▶ Task statement: Word for word, restate the lines from the top of the records below through the line with "PLAYBOY VOL. 1", both included, with no pictures in the result.

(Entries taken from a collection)
"""

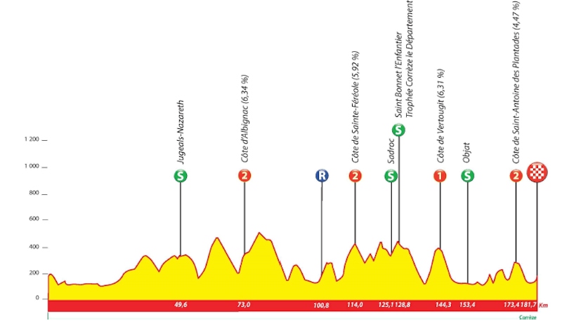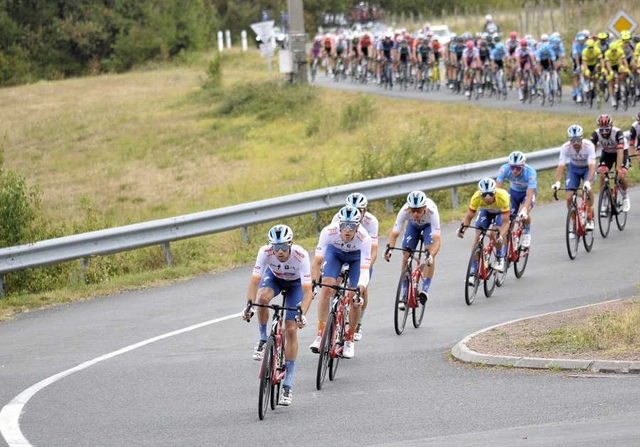 La côte d'Albignac, 1er MG de la journée, se profile et l'écart est descendu à moins de 2 minutes sous l'impulsion des hommes du maillot jaune. Alexis GOUGEARD passe en tête de cette première difficulté répertoriée au classement de la montagne. Sous la conduite de l'équipe Groupama-FDJ l'écart se réduit à nouveau. Trois hommes de la formation d'Yvon MADIOT s'extirpent du peloton : Kevin GENIETS, Valentin MADOUAS et Attila VALTER. A 95 kms de l'arrivée, les trois hommes en contre viennent de faire la jonction avec la tête de course. A la mi-course, le peloton accuse un retard de plus d'une minute malgré un tempo élevé de l'équipe Movistar.
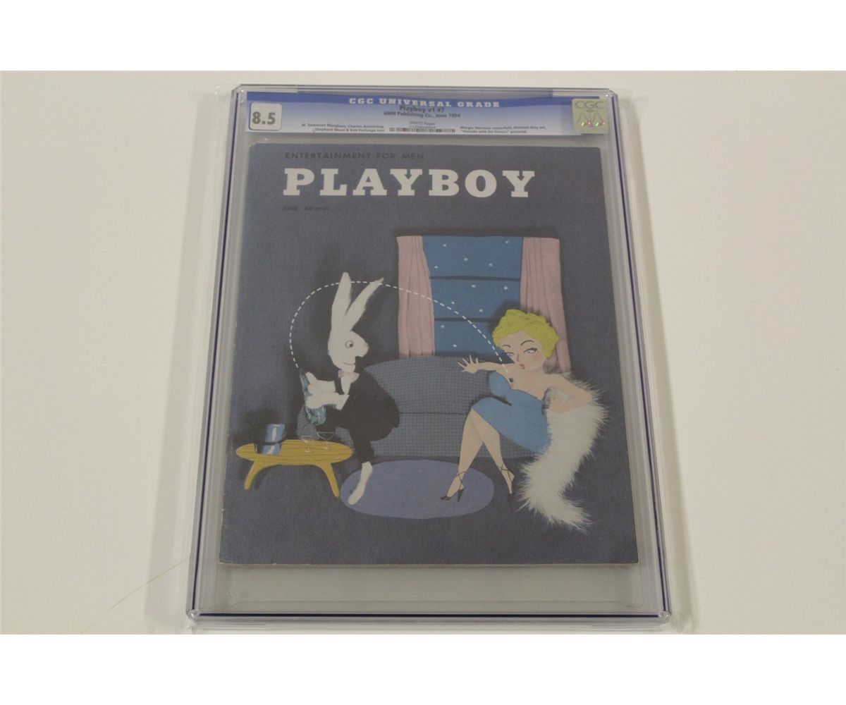 PLAYBOY VOL. 1 #7 CGC 8.5 (VF+) (1954) WITH WHITE PAGES & 60 YEARS OLD, THIS IS THE 7TH ISSUE EVER PUBLISHED FROM THE ALL-TIME CLASSIC MAG! A CGC 8.5 COPY SOLD IN JULY 2012 FOR $400 & A 9.0 IN MARCH 2010 FOR $995 AS TRACKED THROUGH THE GPA
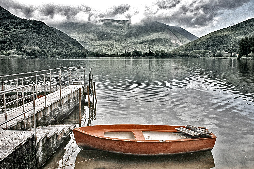 | Un paesaggio interpretato. Decisamente particolare, direi sperimentale. Si parte dal cielo ruvido e totalmente in bianco e nero per poi passare ad un leggero viraggio verde fino alla barca in primo piano nel suo colore pieno. Concordo con Max, audace. Buona idea per me. Un saluto, guido |
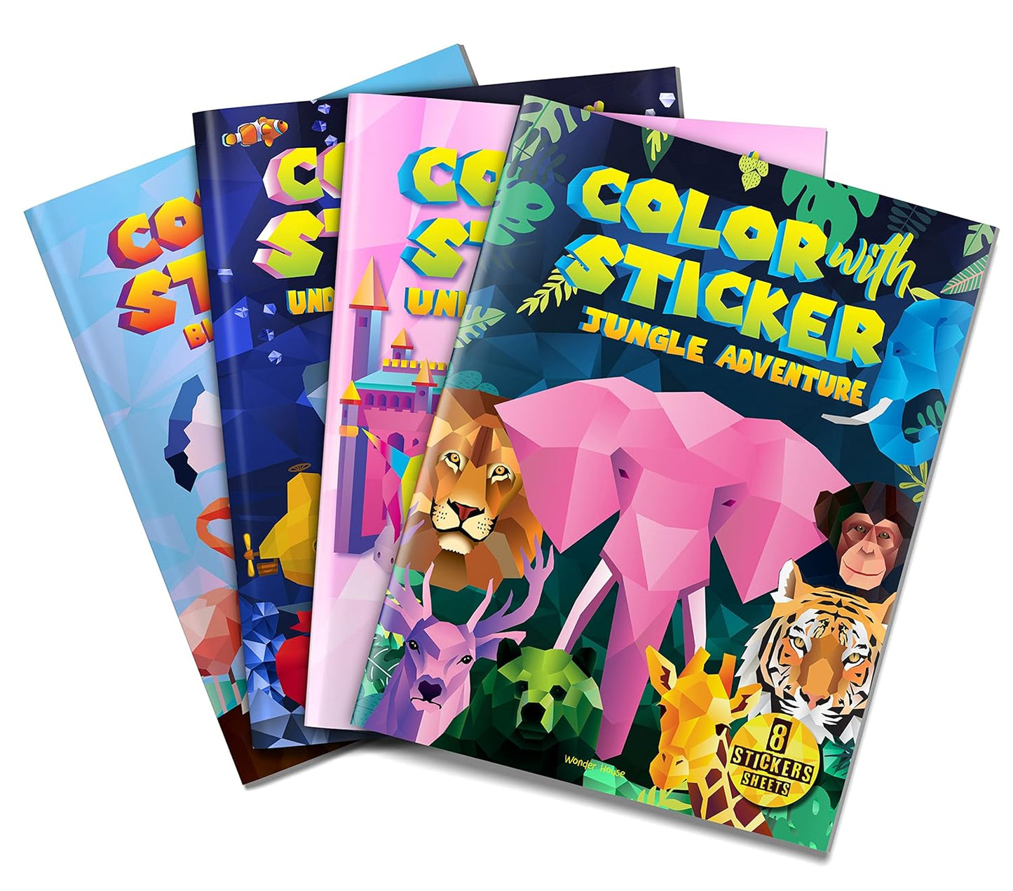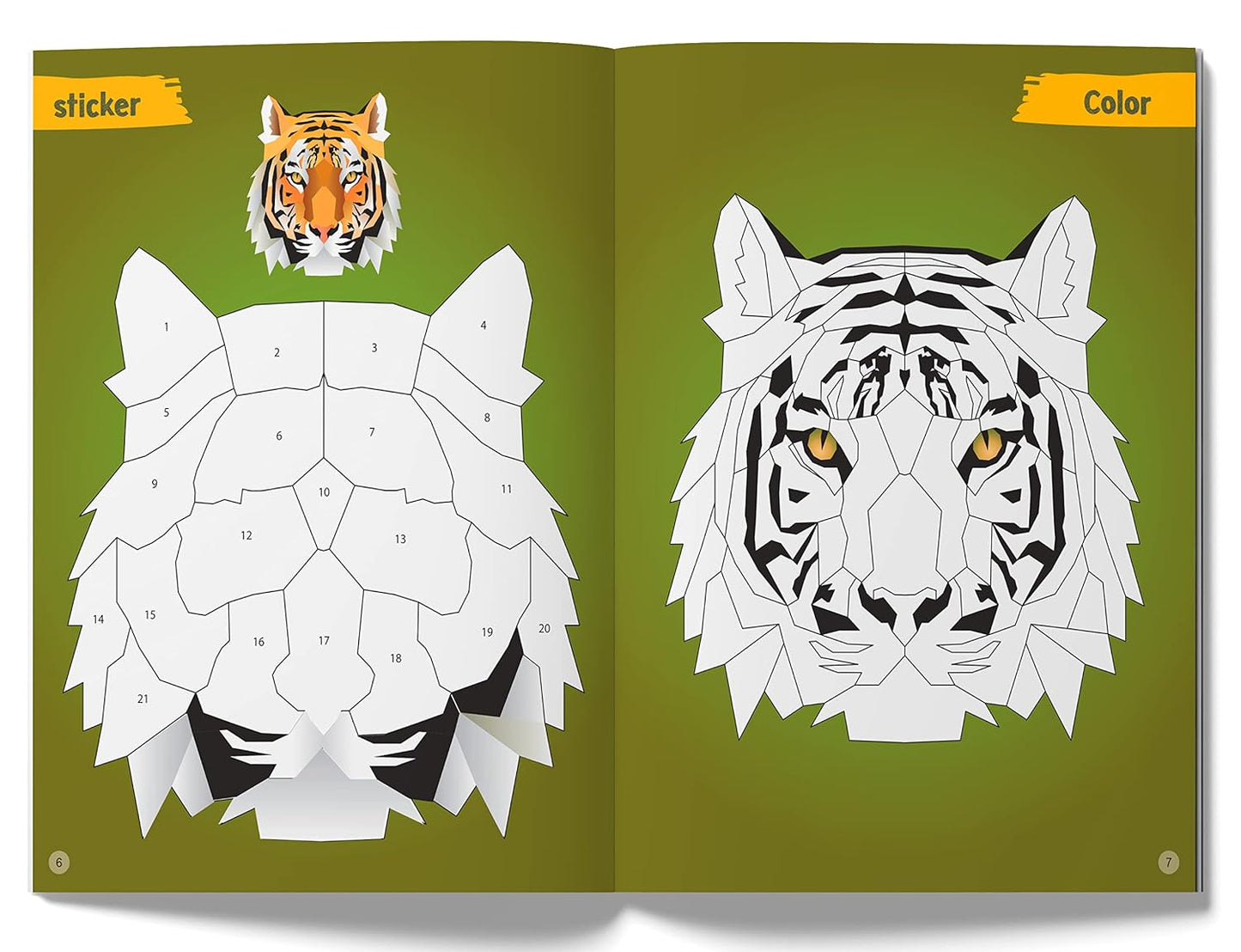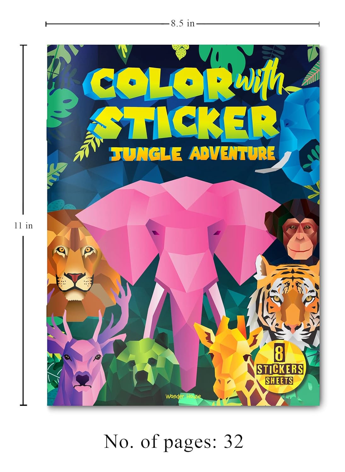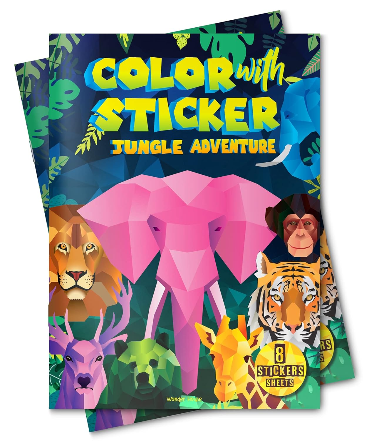Put on your creative hats and create beautiful jungle animals using this one-of-a-kind sticker book that encourages budding artists to create unique works of art by pasting stickers. They can even make animal portraits with ready-to-color images. This engaging and entertaining book with its gorgeous, geometric images will enhance their co-ordination and motor skills.
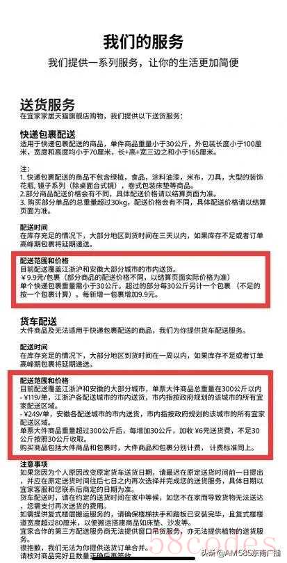 以宜家送货标准来说,一般都是小件快递、大件货车配送。小件30公斤内,快递费收9.9元;大件有119元、249元等不同价格。

"""

▶ Problem solution:
 La côte d'Albignac, 1er MG de la journée, se profile et l'écart est descendu à moins de 2 minutes sous l'impulsion des hommes du maillot jaune. Alexis GOUGEARD passe en tête de cette première difficulté répertoriée au classement de la montagne. Sous la conduite de l'équipe Groupama-FDJ l'écart se réduit à nouveau. Trois hommes de la formation d'Yvon MADIOT s'extirpent du peloton : Kevin GENIETS, Valentin MADOUAS et Attila VALTER. A 95 kms de l'arrivée, les trois hommes en contre viennent de faire la jonction avec la tête de course. A la mi-course, le peloton accuse un retard de plus d'une minute malgré un tempo élevé de l'équipe Movistar.
 PLAYBOY VOL. 1 #7 CGC 8.5 (VF+) (1954) WITH WHITE PAGES & 60 YEARS OLD, THIS IS THE 7TH ISSUE EVER PUBLISHED FROM THE ALL-TIME CLASSIC MAG! A CGC 8.5 COPY SOLD IN JULY 2012 FOR $400 & A 9.0 IN MARCH 2010 FOR $995 AS TRACKED THROUGH THE GPA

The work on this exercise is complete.